13. Make sure the shop can fix everything that is wrong. Don't take the truck into a place that only fixes tires, if you also have a brake failure. Don't take a truck to a shop that only does brakes if you have a bad differential. You have to get an estimate in writing that completely diagnoses the issue and spells out everything related to the source of the problem that it could possibly be. Truck manufacturers are the best places to go usually as they typically have all of the tools needed to properly diagnose the problem and these types of shops can usually fix everything from bumper to bumper.

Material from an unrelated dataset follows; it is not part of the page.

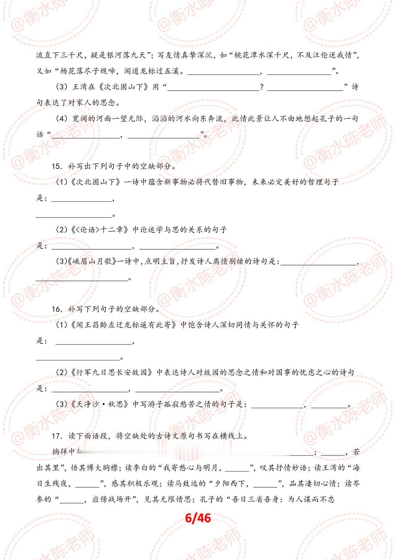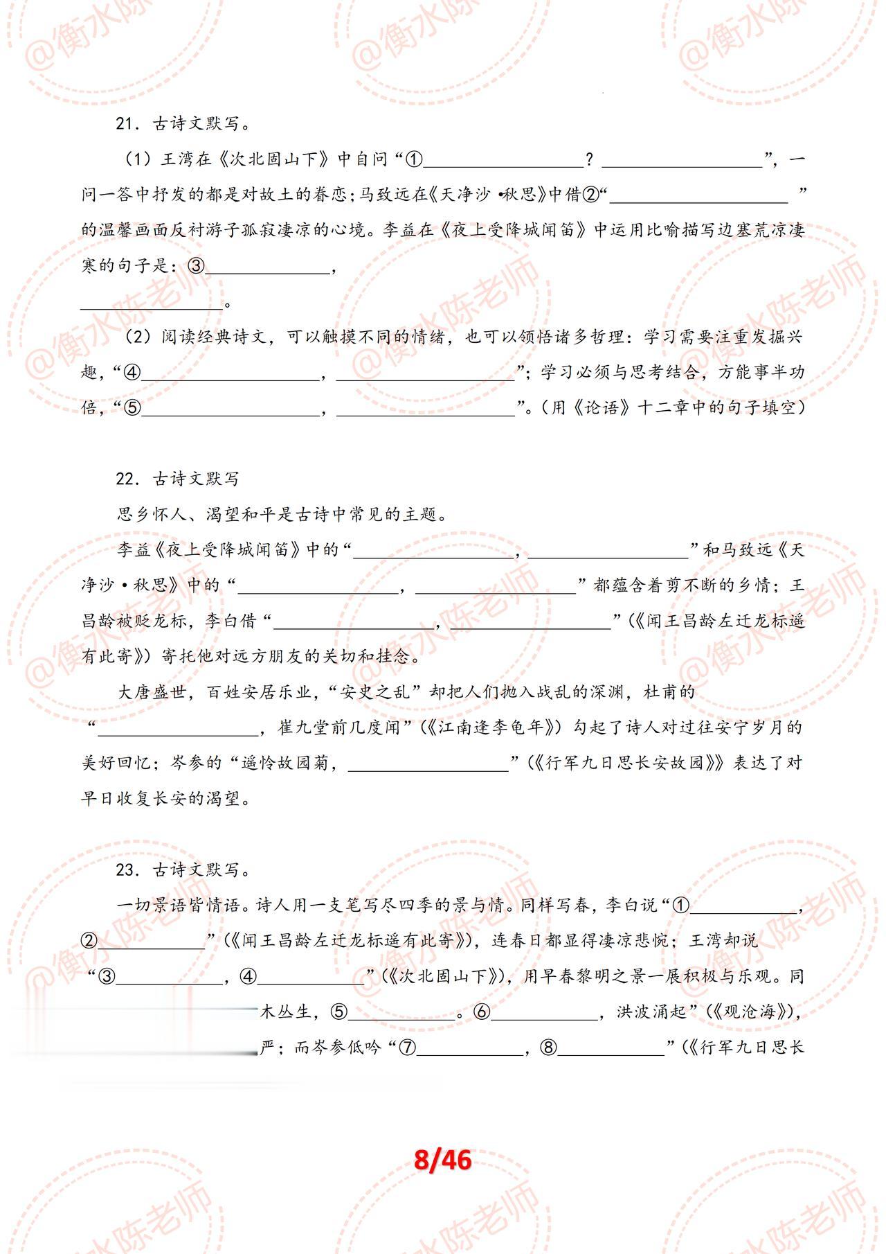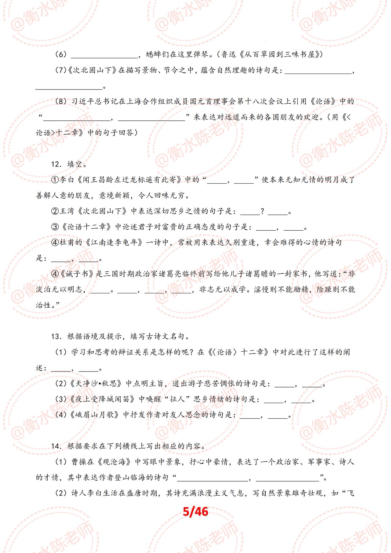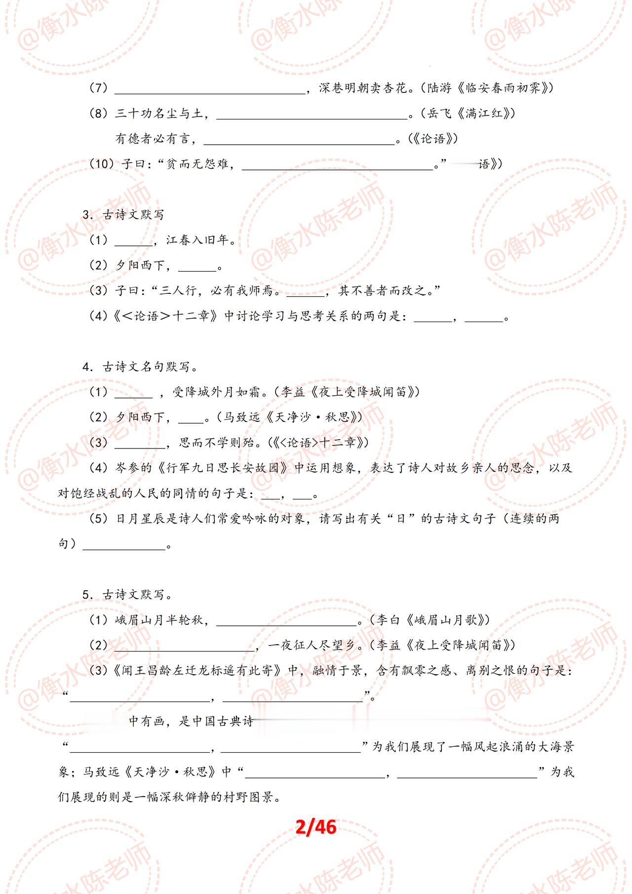 七年级上学期古诗文默写,期中考试最容易考到的题型,第一时间发给同学们,考题都是近3年出现次数最多的考题,提前把试卷中考到的,发给大家,分数在这里了,要不要,您来决定吧。

14. Don't assume that because the dealer is a truck manufacturer, that they can fix everything. I have been to places that weren't authorized dealers for my particular engine, yet they were the truck's manufacturer. The bottom line here is to gather every bit of information about the shop that you can before you do any business with them. Especially if you are having the truck towed in somewhere. You want to make sure that your truck repair is being handled in the best business like manner that is possible and that the shop is behaving as much like a doctor's office as can be expected. You wouldn't let a doctor perform surgery on you if he or she was constantly unsure of whether or not they were making the right decision. There are tools out there now to properly take the guess work out of every situation. Don't let someone talk you into kind of thinking that maybe if you do this or that, it will solve your problem. If they don't know, don't go!

15. Don't rush into anything. Being an owner operator requires patience a partially meticulous nature about some things. You must do your homework.

16. My philosphy (Well one of my many philosophies) is that if I don't do it, someone else will and I don't want that. I want the work! I want the paycheck! Not the other person! I am entitled to the business because I will work my hardest and smartest to get it done right. Maybe someone out there is faster, cheaper, and more appealing than me, but that is their business, and mine is to do the best with what I have. When you own the truck, you are the boss and you make the final decision. Sink or SWIM. I choose to SWIM.